▶ BRIEF: Set the listing down unchanged, minus every embedded image.

▶ GIVEN DATA:
★ ★ ★
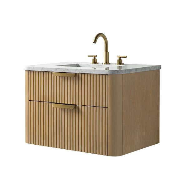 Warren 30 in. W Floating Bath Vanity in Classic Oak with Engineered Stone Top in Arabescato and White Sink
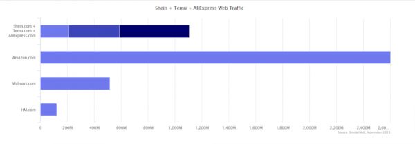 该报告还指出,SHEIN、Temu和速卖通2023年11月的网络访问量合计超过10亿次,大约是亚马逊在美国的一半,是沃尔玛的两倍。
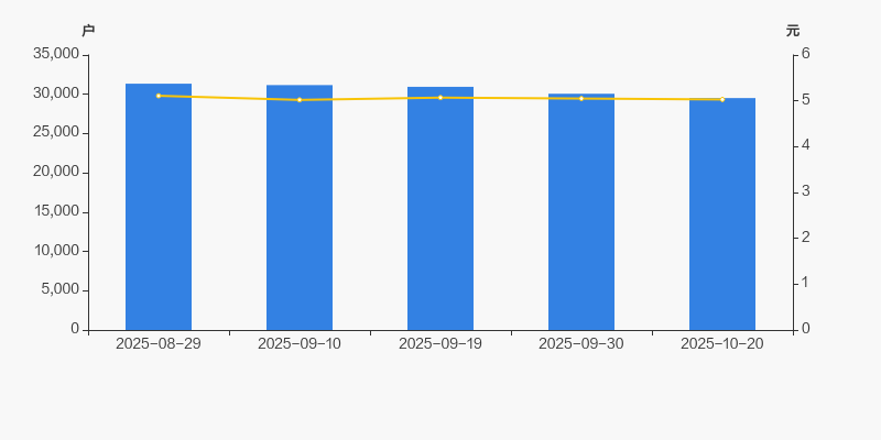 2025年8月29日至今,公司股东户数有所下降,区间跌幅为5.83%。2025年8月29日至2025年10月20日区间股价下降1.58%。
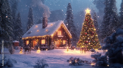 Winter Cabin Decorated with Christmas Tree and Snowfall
★ ★ ★
▶ TASK RESULT:
 Warren 30 in. W Floating Bath Vanity in Classic Oak with Engineered Stone Top in Arabescato and White Sink
 该报告还指出,SHEIN、Temu和速卖通2023年11月的网络访问量合计超过10亿次,大约是亚马逊在美国的一半,是沃尔玛的两倍。
 2025年8月29日至今,公司股东户数有所下降,区间跌幅为5.83%。2025年8月29日至2025年10月20日区间股价下降1.58%。
 Winter Cabin Decorated with Christmas Tree and Snowfall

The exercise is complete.